São Paulo Mulher de Marcola é alvo de ação da PF contra grupo suspeito de planejar fuga de chefes de facção

Mulher de Marcola é alvo de ação da PF contra grupo suspeito de planejar fuga de chefes de facção

Polícia fez buscas na casa de Cynthia Camacho em SP. Equipes descobriram plano de resgate de líderes em presídios federais

  • São Paulo | Do R7

Mulher de Marcola é alvo de operação da Polícia Federal em São Paulo

Mulher de Marcola é alvo de operação da Polícia Federal em São Paulo

Reprodução/RecordTV

A PF (Polícia Federal) realizou buscas na manhã desta quarta-feira (10) na casa de Cynthia Giglioli Camacho, a mulher de Marco Williams Herbas Camacho, conhecido como Marcola e apontado como líder da organização criminosa PCC (Primeiro Comando da Capital), em São Paulo. Ela é um dos alvos da Operação Anjos da Guarda contra líderes de facções criminosas presos em penitenciárias de Brasília (DF) e Porto Velho (RO). 

A Polícia Federal prendeu 11 integrantes do PCC suspeitos de planejar o resgate de prisioneiros em penitenciárias federais. Os alvos do grupo eram líderes de facções criminosas que estão em presídios de Brasília (DF) e Porto Velho (RO). Cerca de 80 policiais cumpriram mandados de prisão preventiva e outros 13 mandados de busca e apreensão no Distrito Federal, Mato Grosso do Sul e São Paulo.

A Operação Anjos da Guarda ocorreu no Distrito Federal (Brasília), Mato Grosso do Sul (Campo Grande e Três Lagoas) e São Paulo (São Paulo, Santos e Presidente Prudente). O nome da operação é uma homenagem aos servidores da Segurança Pública.

Além de planejarem resgates, os suspeitos pretendiam sequestrar autoridades para forçar a soltura de parte dos líderes.
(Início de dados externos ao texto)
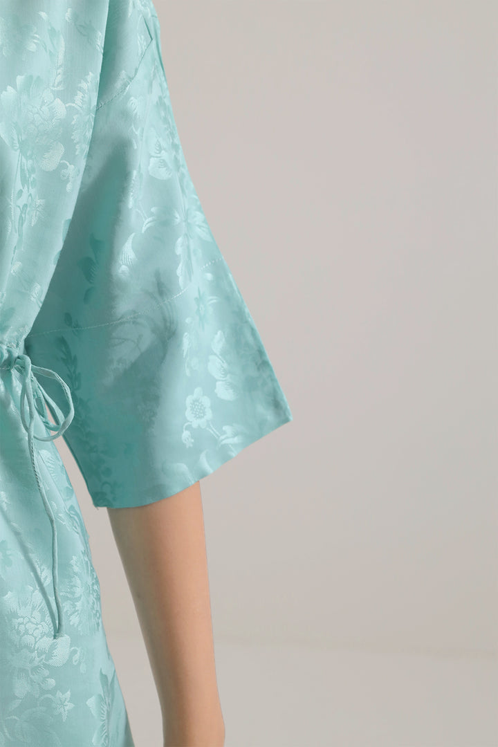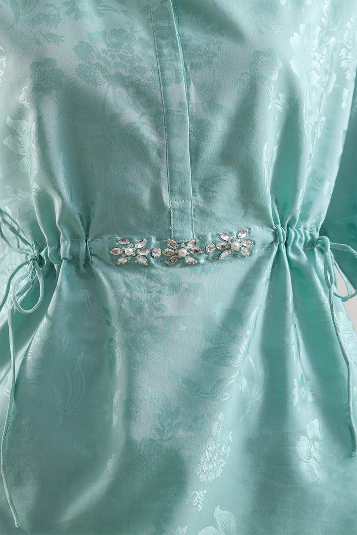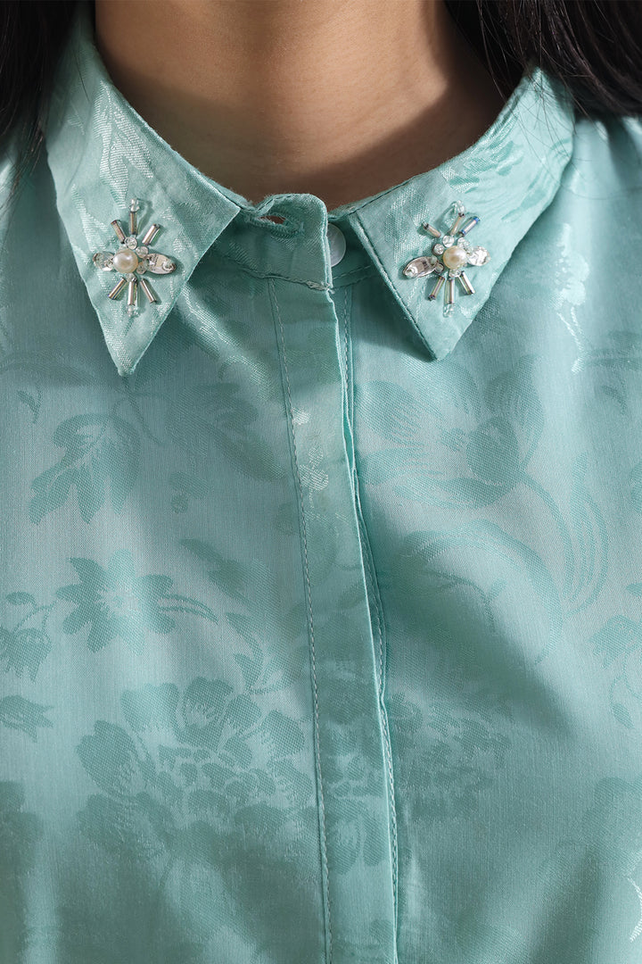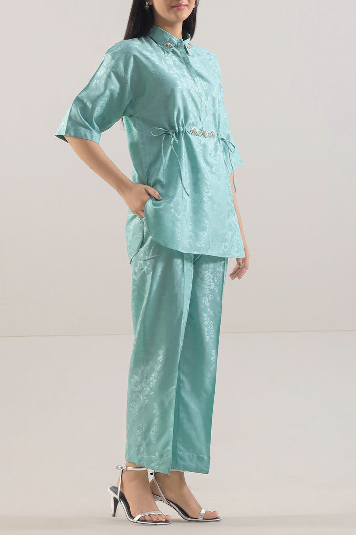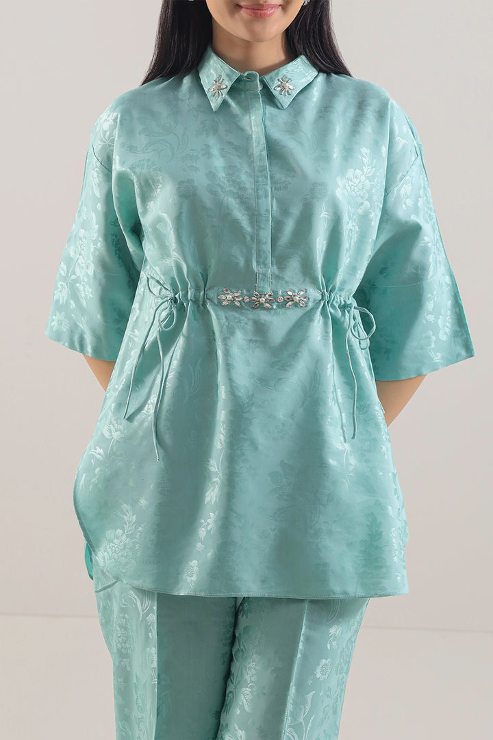 Cotton Jacquard Stitched 2-Piece By SAYA Radiates With A Deep Green Tone. Woven From Textured Jacquard Cotton, It Offers A Blend Of Comfort And Structure. The Shirt Features Subtle Tonal Patterns, Clean Stitching, And A Refined Collar. Paired With A Matching Trouser, This Ready-To-Wear Ensemble Delivers Polished Style For Semi-Formal Events, Office Evenings, Or Elegant Daywear With Confidence.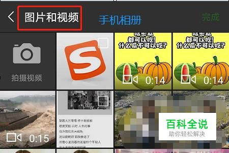 再次点击左侧的图片标志进入到图片和视频选择页面,这次我们点击视频文件(视频文件右上角没有选择框),直接点击视频以后在弹出的页面右上角点“完成”,如下图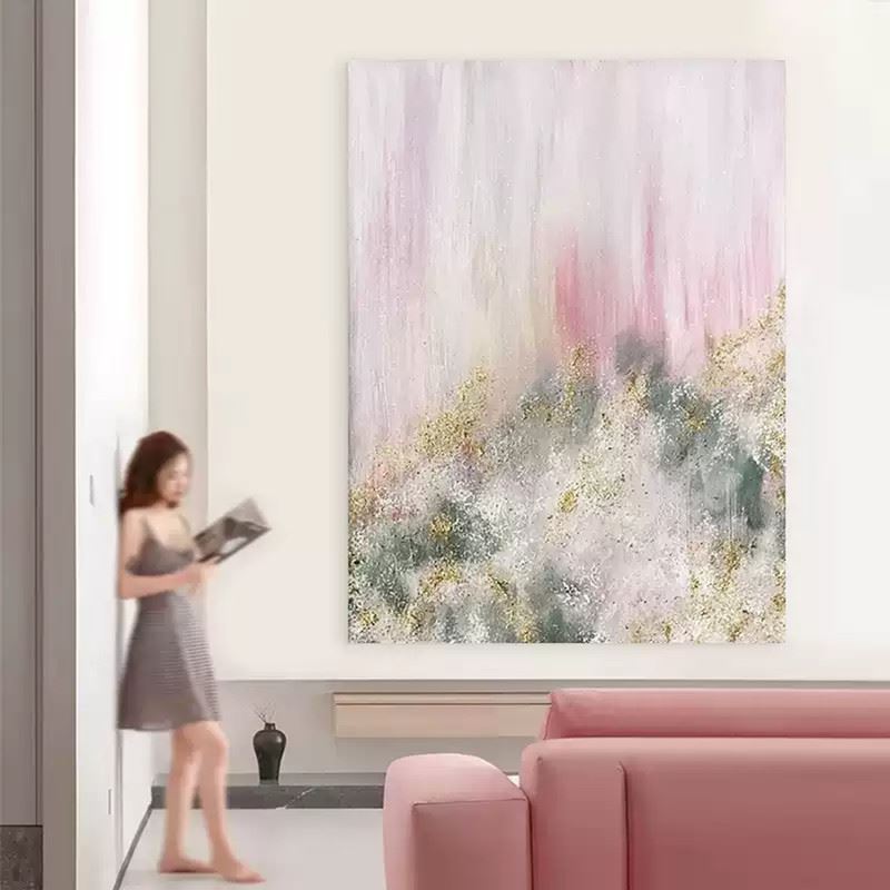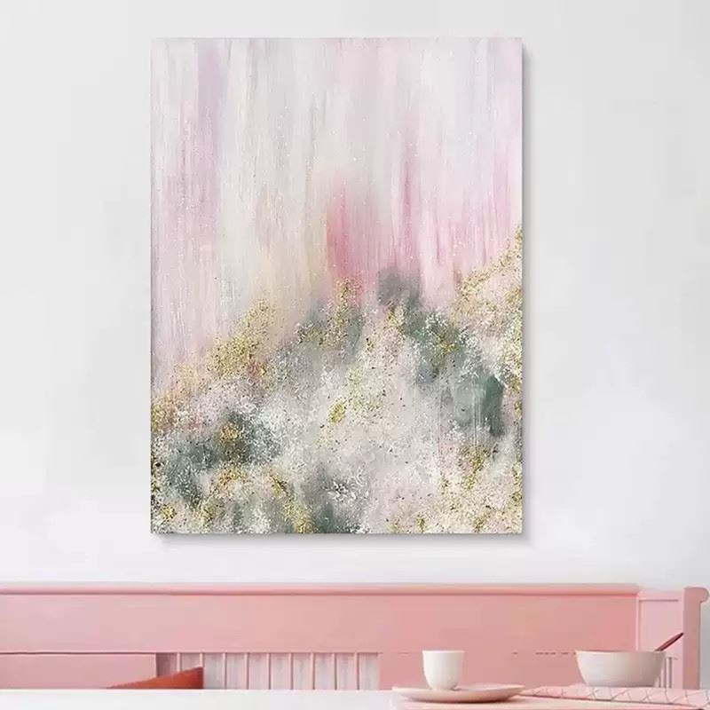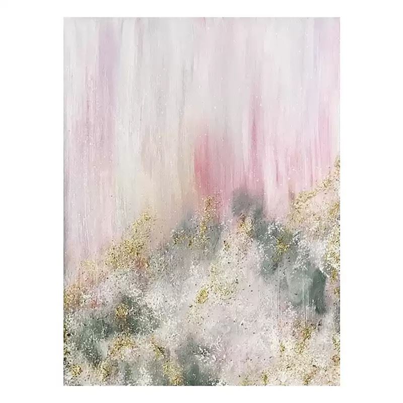 Soft pink haze cascades from the top of the canvas like a sky tinted by gentle dusk. Below, golden and grey-green textures rise and fall like distant peaks, forming a mist-shrouded golden mountain that glimmers faintly through the fog—quiet, yet far from lifeless. Dimensions: 24 x 31 inches.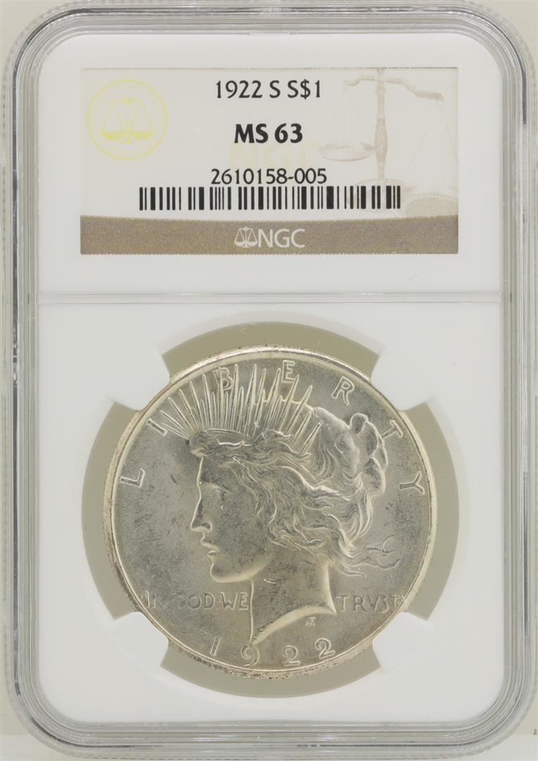 One 1922-S $1 Peace Silver Dollar Coin NGC MS63. NGC Certified.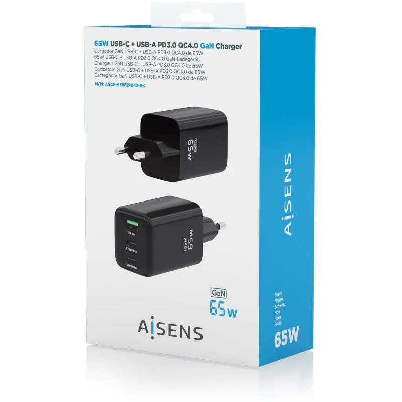 AISENS ASCH-65W3P042-BK Cargador GaN 65W (2x USB-C PD 3.0 + 1x USB-A) Negro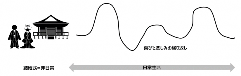 「結婚式」はプロジェクトなので、達成感があり、成功や失敗を定義できるが、「結婚生活」は「ゴーイングコンサーン」であり、ある一点を捉えて成功や失敗を定義することは難しい。だから、オペレーションにおける成功とは「成功と失敗を繰り返しながら、改善を進めオペレーションを進化させること」である、と定義した。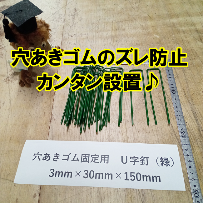 穴あきゴムのズレ防止にU字釘 カンタンに設置できます!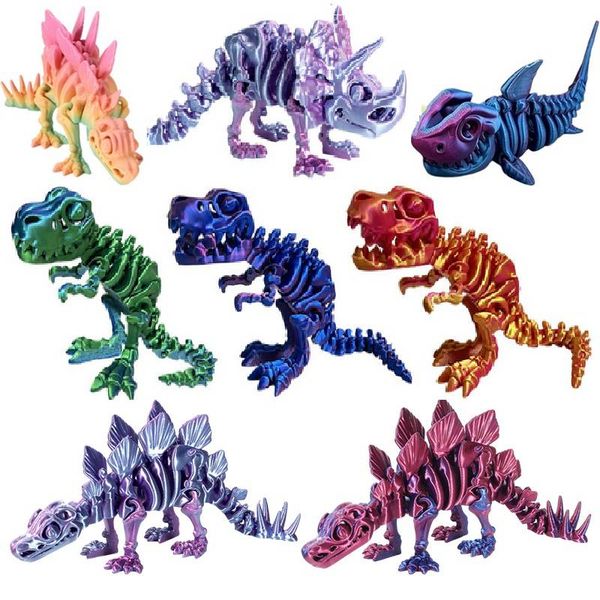 3D列印動物三角龍霸王龍鯊魚柔性龍模型擺飾可動龍模型桌面工藝禮品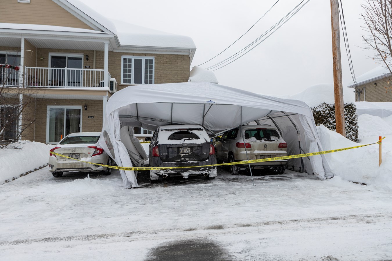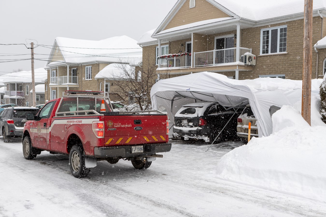 Vers midi, sur la 26e Rue à Saint-Georges, un abri garage s’est effondré sous le poids de la neige. Des véhicules se trouvaient sous la toile.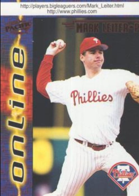 The Mark Leiter 1998 Pacific Online #565 Red card is 1 of 4 Mark Leiter's card variations in the 1998 Pacific Online set being tracked by Sports Card Investor, including Base, Base Winners, and Web Cards.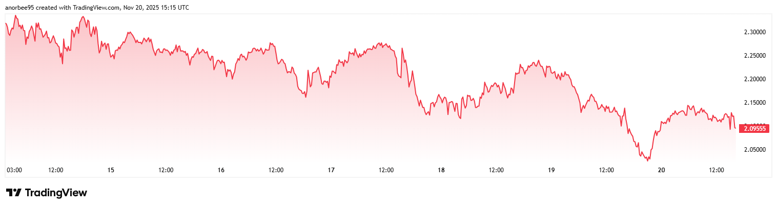 Az XRP árfolyamának alakulása 2025. november 20. körül (forrás: TradingView)Az XRP árfolyama az elmúlt napokban 2,05 és 2,30 dollár között mozgott, enyhén csökkenő tendenciával és fokozott napi volatilitással. Ez jól mutatja, hogy bár a hálózat bevételei alacsonyak, az árfolyam továbbra is aktív, a piaci szereplők pedig figyelik minden, a hálózatot érintő hírt.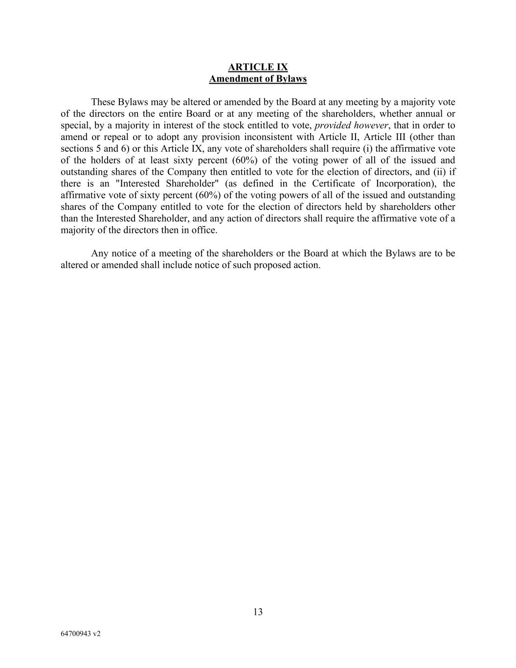13 64700943 v2 ARTICLE IX Amendment of Bylaws These Bylaws may be altered or amended by the Board at any meeting by a majority vote of the directors on the entire Board or at any meeting of the shareholders, whether annual or special, by a majority in interest of the stock entitled to vote, provided however, that in order to amend or repeal or to adopt any provision inconsistent with Article II, Article III (other than sections 5 and 6) or this Article IX, any vote of shareholders shall require (i) the affirmative vote of the holders of at least sixty percent (60%) of the voting power of all of the issued and outstanding shares of the Company then entitled to vote for the election of directors, and (ii) if there is an "Interested Shareholder" (as defined in the Certificate of Incorporation), the affirmative vote of sixty percent (60%) of the voting powers of all of the issued and outstanding shares of the Company entitled to vote for the election of directors held by shareholders other than the Interested Shareholder, and any action of directors shall require the affirmative vote of a majority of the directors then in office. Any notice of a meeting of the shareholders or the Board at which the Bylaws are to be altered or amended shall include notice of such proposed action.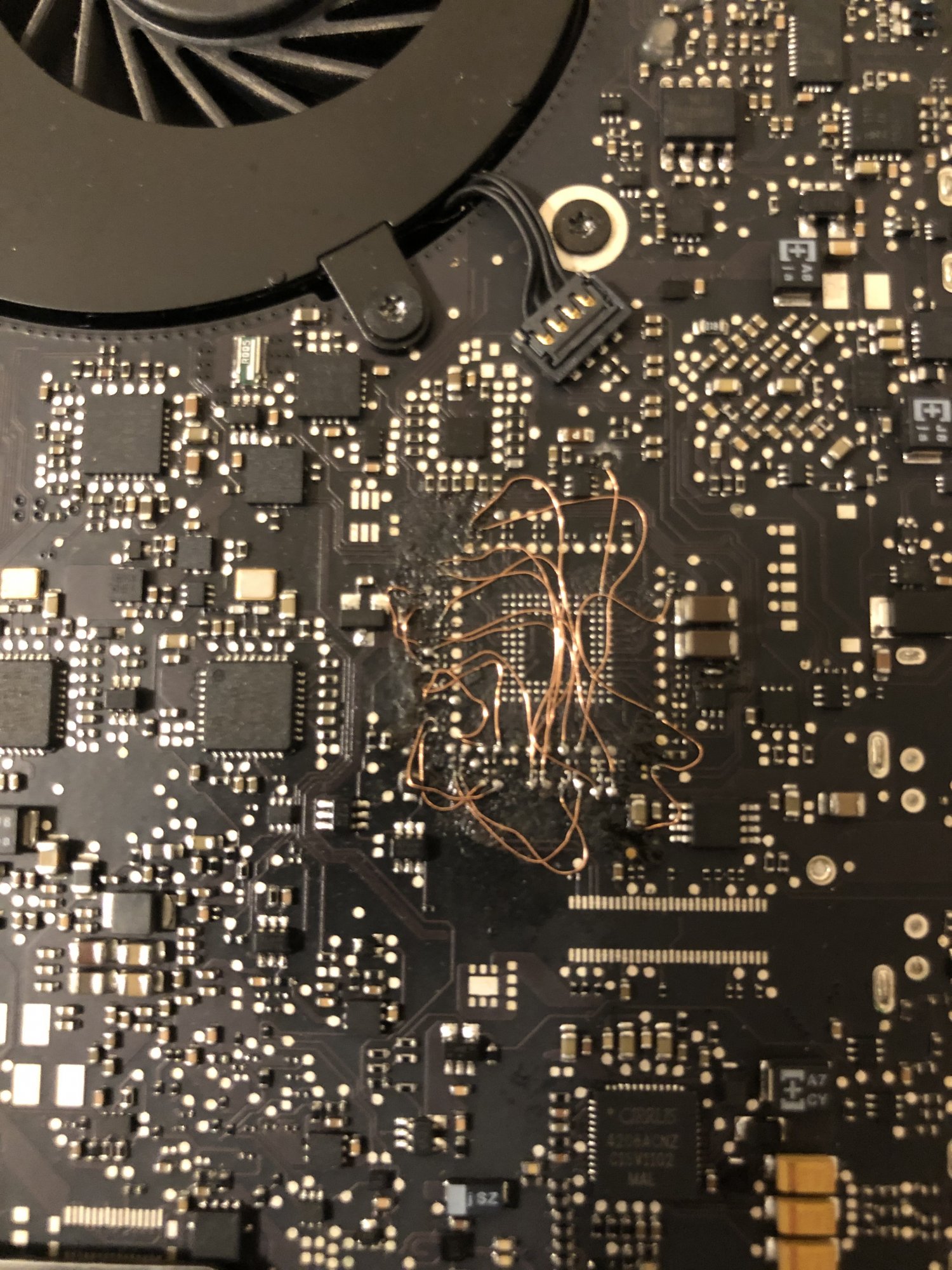 I recently picked up this 2012 15 inch MCP for it's display as I ripped the webcam cable on my 2010. The pawn shop selling it said that the motherboard was dead, however, after opening it up I saw that somebody performed a gMux bypass and desoldered the vRam chips. I managed to solder back the damaged wires and add those that were completely missing. Not sure if I missed a wire but here's the results I got.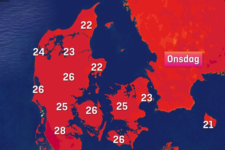 Vejret er allerede før klokken seks i sommersporet, og forude venter en varm sensommerdag. Temperaturerne når i dag op på 20-25 grader. Måske endda op til 28 grader i de sydvestlige egne i landet.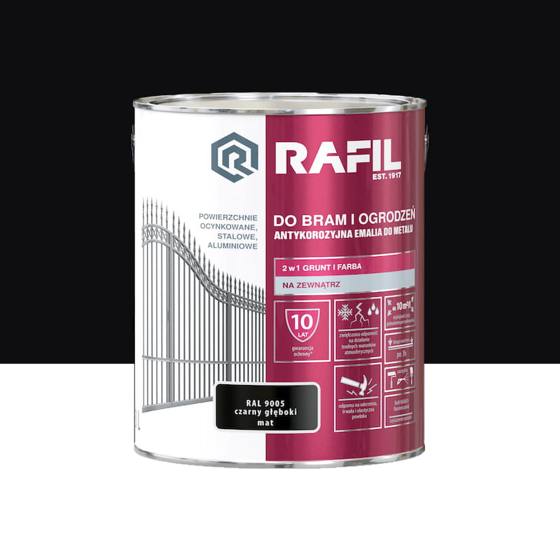 Antykorozyjna Emalia RAFIL DO BRAM I OGRODZEŃ przeznaczona jest do ochronno-dekoracyjnego malowania powierzchni metalowych: stalowych, ocynkowanych i aluminiowych eksploatowanych na zewnątrz pomieszczeń. Tworzy trwałą i elastyczną powłokę odporną na uderzenia. Charakteryzuje się zwiększoną odpornością na działanie trudnych warunków atmosferycznych. Zapewnia długotrwały efekt dekoracyjny malowanych powierzchni, a w zestawieniu z Rafil PODKŁAD ANTYKOROZYJNY stanowi silne zabezpieczenie przed korozją

As ações eram combinadas com os presos em visitas às penitenciárias.

De acordo com as investigações, os encontros ocorriam nas cabines dos presídios, onde é possível falar com a pessoa privada de liberdade por meio de um vidro. O espaço é chamado de parlatório. Segundo a PF, os integrantes da organização conversavam com os suspeitos em código, utilizavam jargões e falavam de situações jurídicas que não existiam.